Я помню его. Виктор писал этот портрет сразу после нашей свадьбы. Я тихонько провожу по портрету рукой, и во мне тонко начинает ныть разбуженное картиной чувство к жене. Как будто те места, которых я касался сейчас на портрете, — ее глаза, шея, волосы, — покрылись драгоценной пыльцой.

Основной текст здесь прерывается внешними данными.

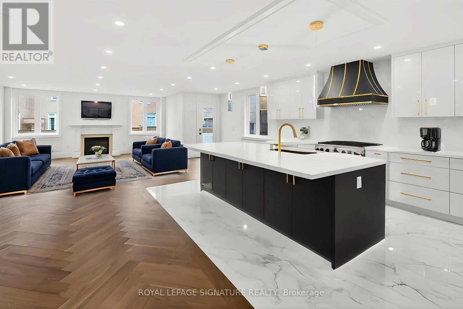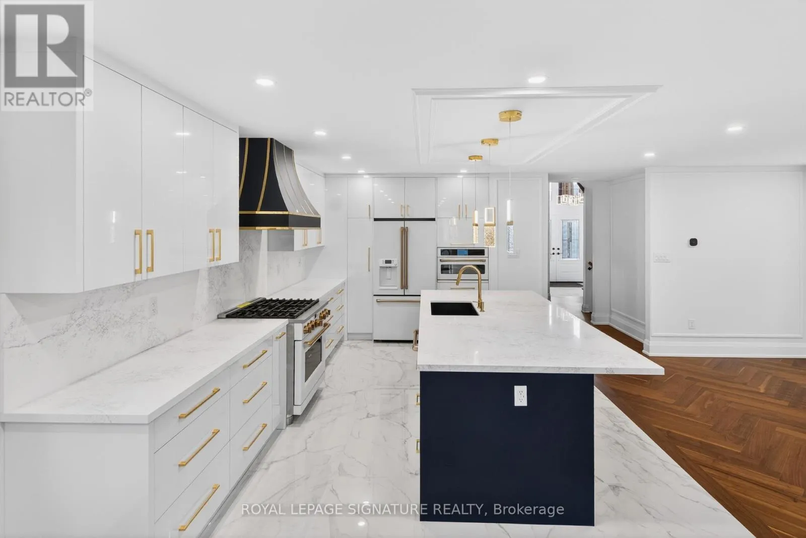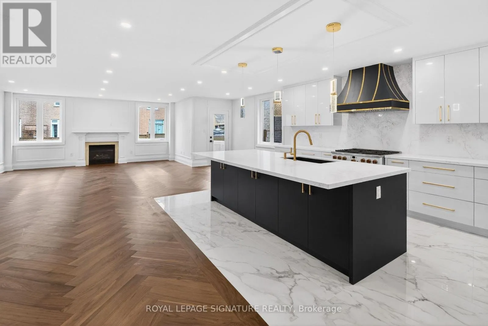 Luxury redefined in Churchill Meadows-5180 Littlebend Dr showcases over $450,000 in high-end upgrades with designer finishes throughout. A grand foyer with soaring ceilings and tile flooring leads to a bright open-concept main level with pot lights and chevron hardwood floors. The designer kitchen features panel-ready appliances, quartz countertops and backsplash, crown moulding, a large centre island, and elegant gold accents.
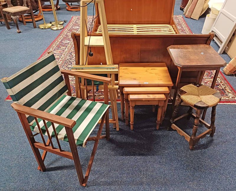 Oak occasional table, nest of 3 pine tables, standard lamp etc.
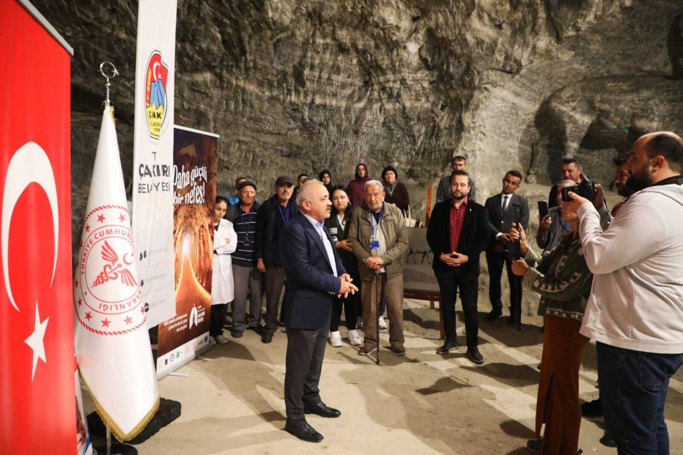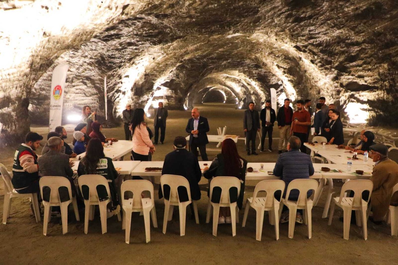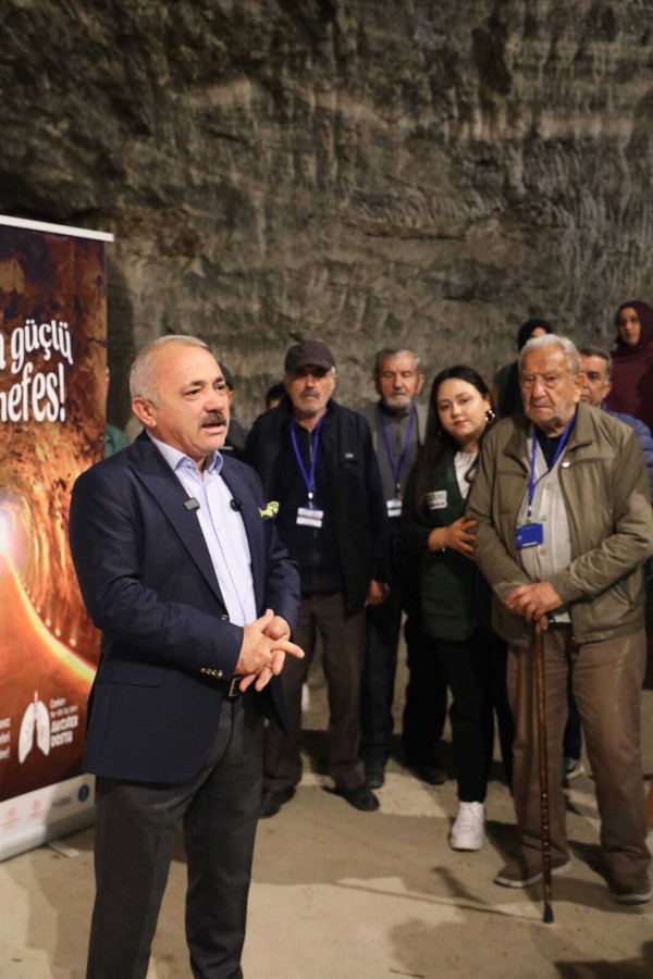 Çankırı Belediye Başkanı İsmail Hakkı Esen, “Daha Güçlü Bir Nefes” sloganı ile sağlık turizmine açılan Yer Altı Tuz Şehri’nde tedavi gören KOAH hastalarını ziyaret etti. Uzman doktorlar ve yardımcı ekipler eşliğinde Tuz Mağarasında sosyal ve kültürel etkinliklere katılan 15 kişilik grup, kaya tuzu ile kaplı mağaradan gördükleri şifayı Başkan Esen’e anlattı.
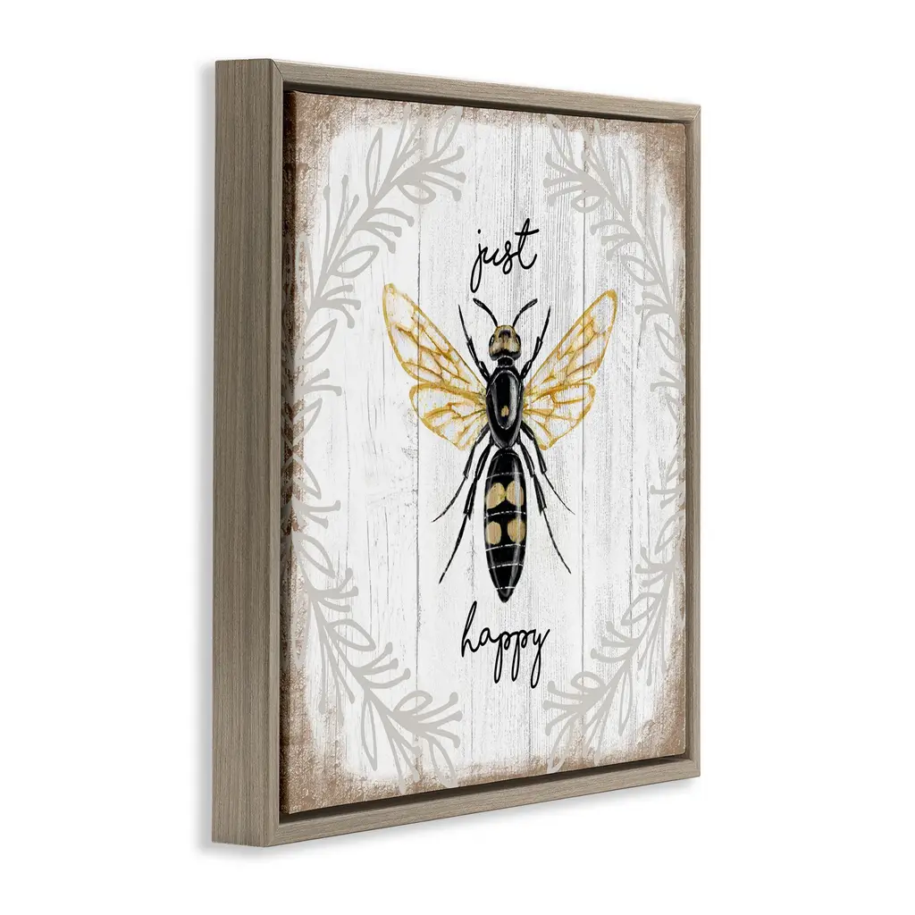 Elevate your home or office to the next level with Stupell Framed Floating Canvas Wall Art. Our premium hand-stretched canvas is mounted securely into a sturdy lightweight frame. The museum-style gap between the wrapped canvas and the box frame gives the illusion of floating artwork. Stupell Wall Art is made in the USA.Features: Dimensions: 18 x 1.7 x 18 Frame, 17 x 1.5 x 17 Canvas ArtFloating Frame Canvas Products are available in sizes 18"x18" and 25"x25". All Floating Frame Canvas Products have a 1.7" Depth.Wall Art is Ready to Hang with Hardware Free Hanging. No Installation required. For Easy Set Up Lean or Layer Artwork on Shelf or Against Wall. Artwork is Permently Fixed into the Frame.Our elevated 1.7" Thick Floating Frame is the perfect complement to our canvas style Wall Art. We use only the highest quality inks in house with industry leading printing solutions. Canvas is hand stretched over a durable wood foundation and then mounted securly into a Modern Box Frame. Made in the USA.Artwork Relates To: Country, Rustic, Insect, Bee, PhraseDesign by Elizabeth Tyndall
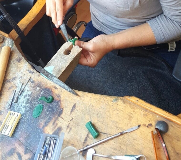 Solo trabajo con plata, ya que es sostenible y apta para reciclar. Algunas de mis piezas están esmaltadas y bañadas en oro (18k)/oro rosa sobre la base de plata.
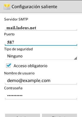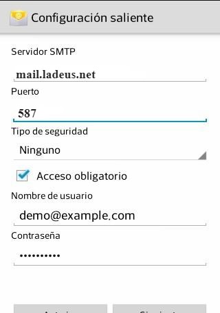 Ahora configuramos el servidor de salida SMTP y el puerto

Я уже не один год живу без того, что отпущено мне на земле. Мне оставлены разум, есть убеждения. Я созрел до них. И забот об общественном благе по горло. Такова журналистская доля. А родной косточки — нет. И одна любовь Марины, которой я лишен, словно перевешивает весь остальной мир. Я хочу говорить и слышать от нее простые слова: «Любишь?» — «Люблю! А ты?», — сказанные взглядом или шевелением губ. И чтоб наполняли они мою душу тихим праздничным звоном. Сейчас, глядя на портрет, я не могу представить или вспомнить какой-либо недостаток моей бывшей жены.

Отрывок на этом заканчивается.